== Problem details ==
Only the lines below between the one holding "商品名称:涞澳家纺 2025新款棉麻皱皱纱四件套 夜里无星" and the one holding "Маленькая мини-магнитная щетка", inclusive, are to be reproduced word for word; the pictures are to be left out.

== Data extracted from a collection ==
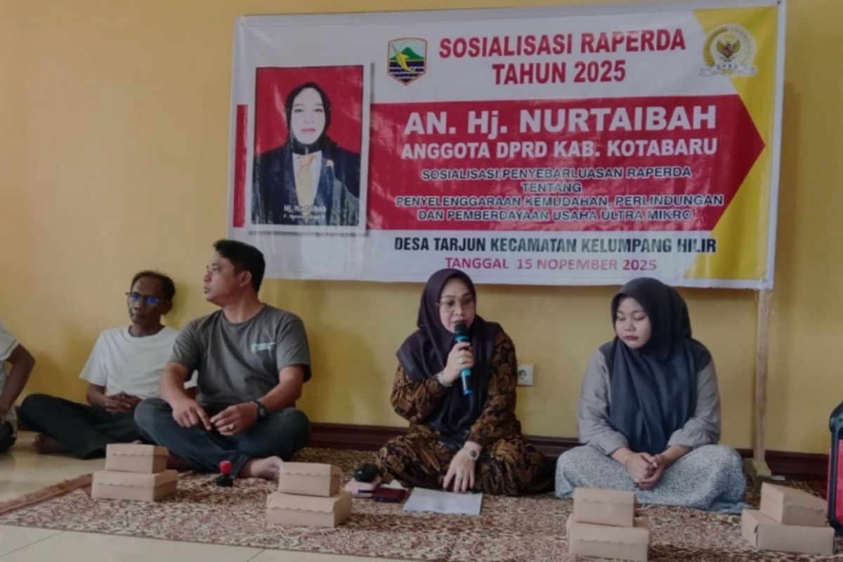 Kotabaru, Kalsel (ANTARA) - Anggota DPRD Kabupaten Kotabaru Provinsi Kalimantan Selatan Nurtaibah sosialisasi Rancangan Peraturan Daerah (Rperda) tentang penyelenggaraan kemudahan perlindungan dan pemberdayaan usaha ultra mikro tahun 2025 di Desa Tarjun Kecamatan Kelumpang Hilir.
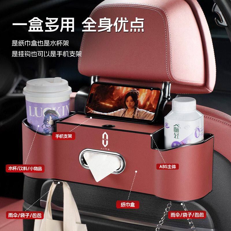 📚 适用问界华为椅背收纳盒M9/M7/M5汽车座椅后背置物盒纸巾盒水杯架
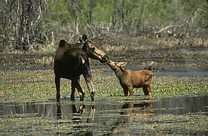 Moose with a calf. The Moose is a forest animal and lives on deciduous trees
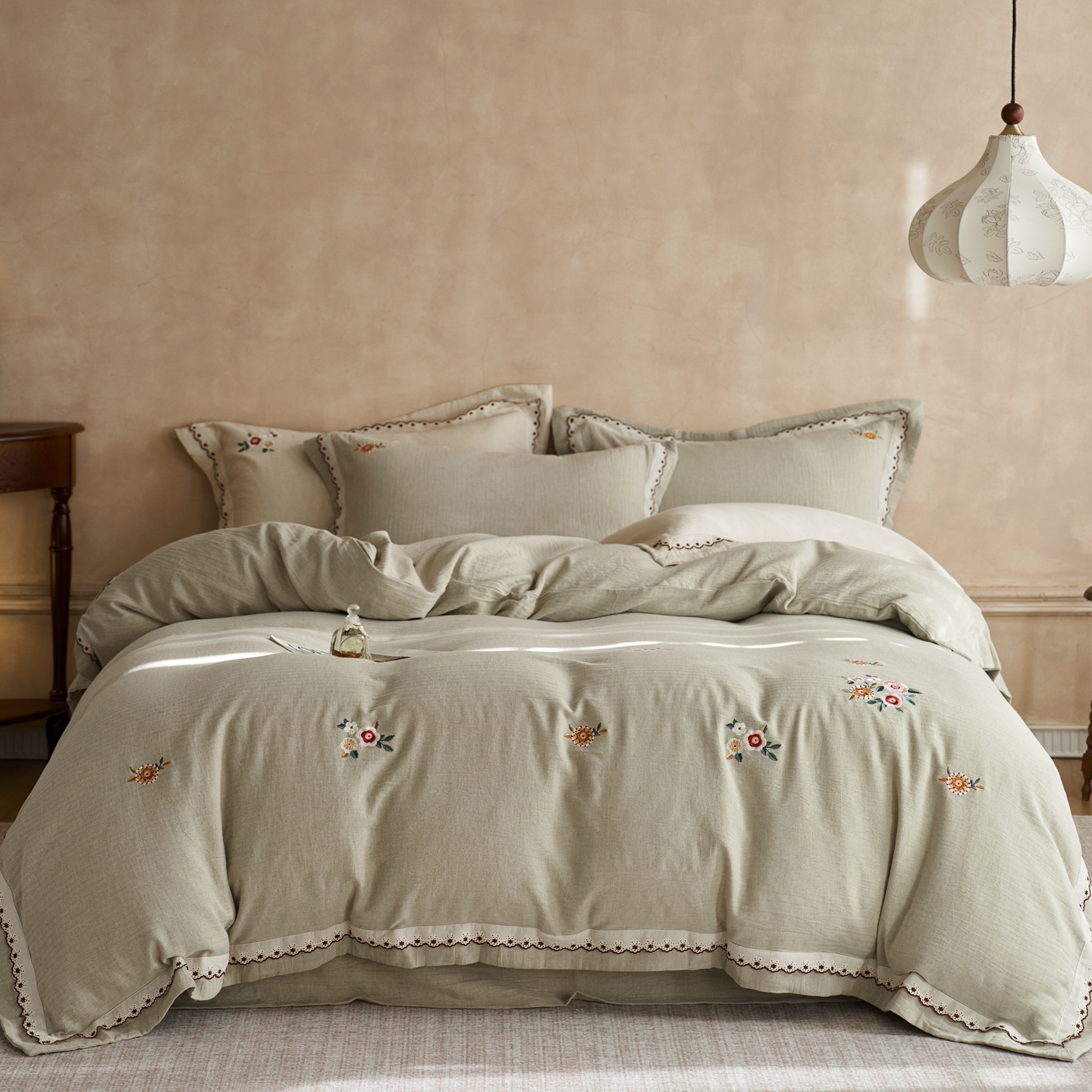 商品名称:涞澳家纺 2025新款棉麻皱皱纱四件套 夜里无星
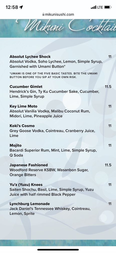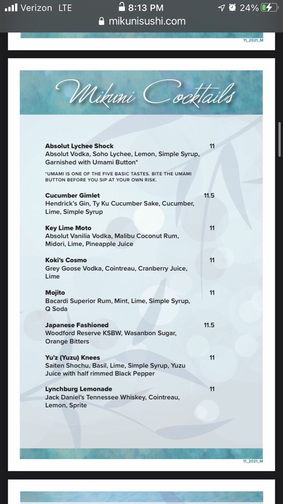 Mikuni Japanese Restaurant & Sushi Bar Menu
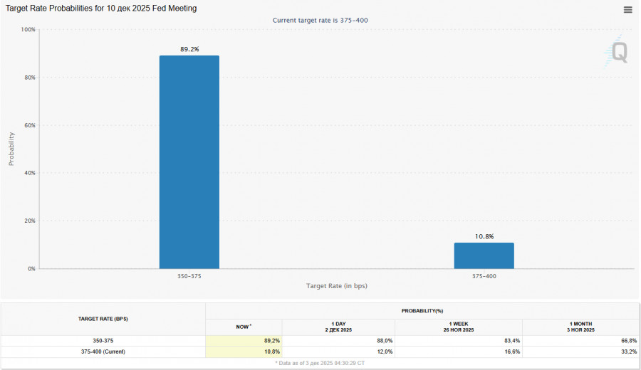 Повечето икономисти и основни инвестиционни банки прогнозират допълнително намаляване на лихвените проценти на срещата на Фед през декември. Те вярват, че намаление от 25 базисни пункта ще понижи разходите по заеми и ще подкрепи икономиката. Въпреки това, ако следващите статистически данни от САЩ са по-силни от очакваното, регулаторът може да преразгледа решението си. Не забравяйте, че срещата на централната банка на САЩ ще се проведе следващата седмица. Интересно е, че ръководителят на агенцията, Джером Пауъл, докато говореше на дискусия за Джордж Шулц (американски държавник, който заемаше различни позиции в правителството и оказа влияние върху политиката на САЩ в различни области, включително икономиката), в Станфордския университет, отбеляза че Фед е готов за облекчаване на политиката, но всичко ще зависи от постъпващите статистически данни, както и от съществуващите инфлационни рискове.
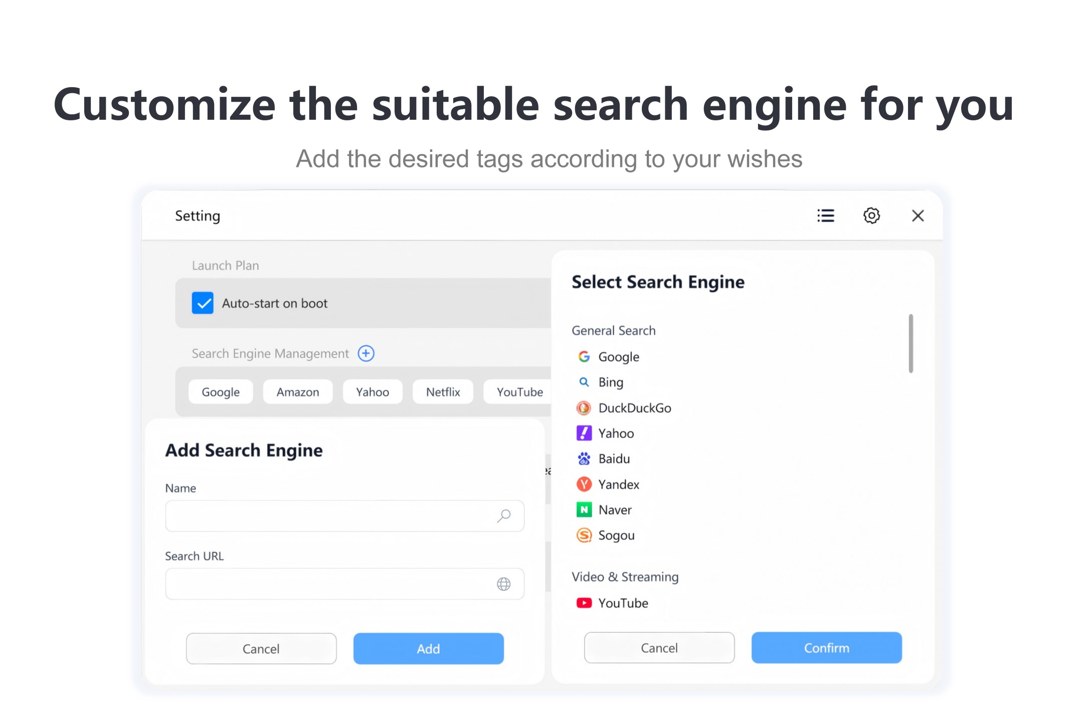 Yes, go to Settings > Search Engine to select and customize your preferred search providers like Bing, DuckDuckGo, TikTok, or Amazon.
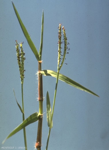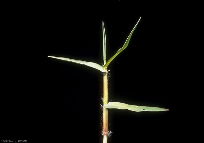 Feuilles linéaires, carénées à la base, à limbe un peu soudé au sommet, glabre. Gaine ciliée ; noeud dégagé hérissé de poils ;
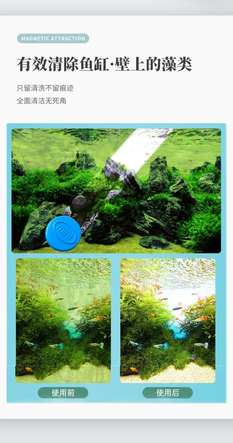 Маленькая мини-магнитная щетка для аквариума, щетка для удаления водорослей, стеклянная щетка, инструмент для чистки, чистка мха, зеленых водорослей, супер всасывание
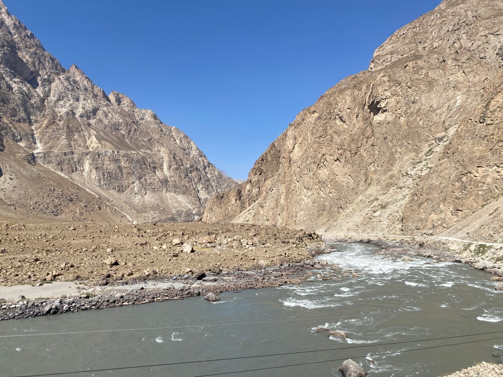 J’ai ensuite la surprise de m’entendre héler à deux reprises depuis l’autre côté, à des endroits où la rivière est si peu large qu’on peut se parler d’une rive à l’autre. C’est d’abord un monsieur sur son âne qui m’appelle en agitant les bras, puis un groupe d’écoliers qui me lancent des « Hello »! sonores. C’est triste de penser que ces deux peuples qui n’en sont qu’un seul, les Pamiris, sont séparés par une frontière tracée sous les ors de Versailles à l’issue d’un conflit dans lequel ils n’avaient rien à voir. Et l’histoire récente leur interdit même de se rendre visite…
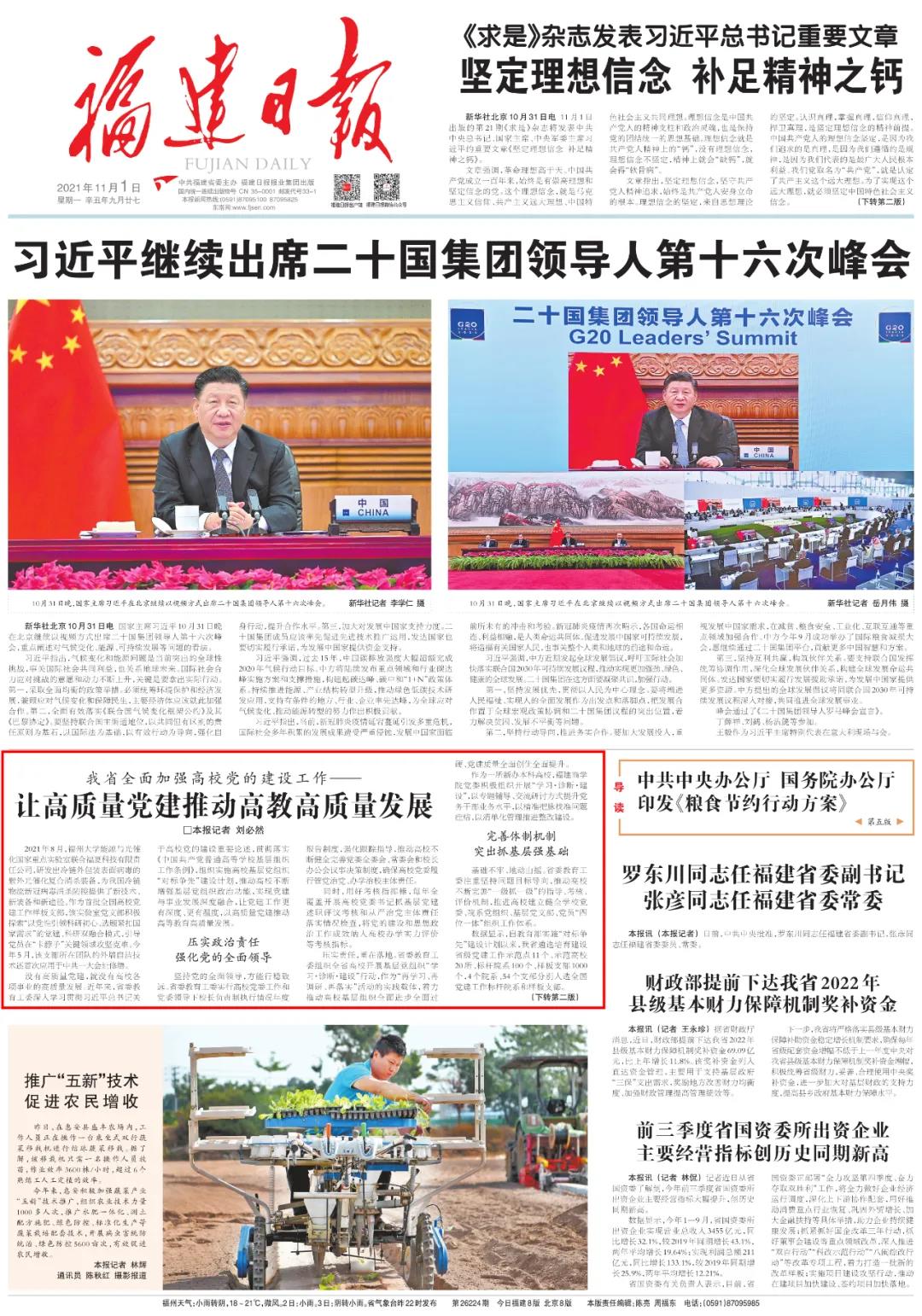 省委教育工委负责人表示,全省高校将持续深入学习贯彻习近平总书记关于高校党的建设重要论述,贯彻落实全国高校党建工作会议精神,不忘立德树人初心,牢记为党育人为国育才使命,为奋力谱写全面建设社会主义现代化国家福建篇章作出新的更大贡献。

== Written reply ==
 商品名称:涞澳家纺 2025新款棉麻皱皱纱四件套 夜里无星
 Mikuni Japanese Restaurant & Sushi Bar Menu
 Повечето икономисти и основни инвестиционни банки прогнозират допълнително намаляване на лихвените проценти на срещата на Фед през декември. Те вярват, че намаление от 25 базисни пункта ще понижи разходите по заеми и ще подкрепи икономиката. Въпреки това, ако следващите статистически данни от САЩ са по-силни от очакваното, регулаторът може да преразгледа решението си. Не забравяйте, че срещата на централната банка на САЩ ще се проведе следващата седмица. Интересно е, че ръководителят на агенцията, Джером Пауъл, докато говореше на дискусия за Джордж Шулц (американски държавник, който заемаше различни позиции в правителството и оказа влияние върху политиката на САЩ в различни области, включително икономиката), в Станфордския университет, отбеляза че Фед е готов за облекчаване на политиката, но всичко ще зависи от постъпващите статистически данни, както и от съществуващите инфлационни рискове.
 Yes, go to Settings > Search Engine to select and customize your preferred search providers like Bing, DuckDuckGo, TikTok, or Amazon.
 Feuilles linéaires, carénées à la base, à limbe un peu soudé au sommet, glabre. Gaine ciliée ; noeud dégagé hérissé de poils ;
 Маленькая мини-магнитная щетка для аквариума, щетка для удаления водорослей, стеклянная щетка, инструмент для чистки, чистка мха, зеленых водорослей, супер всасывание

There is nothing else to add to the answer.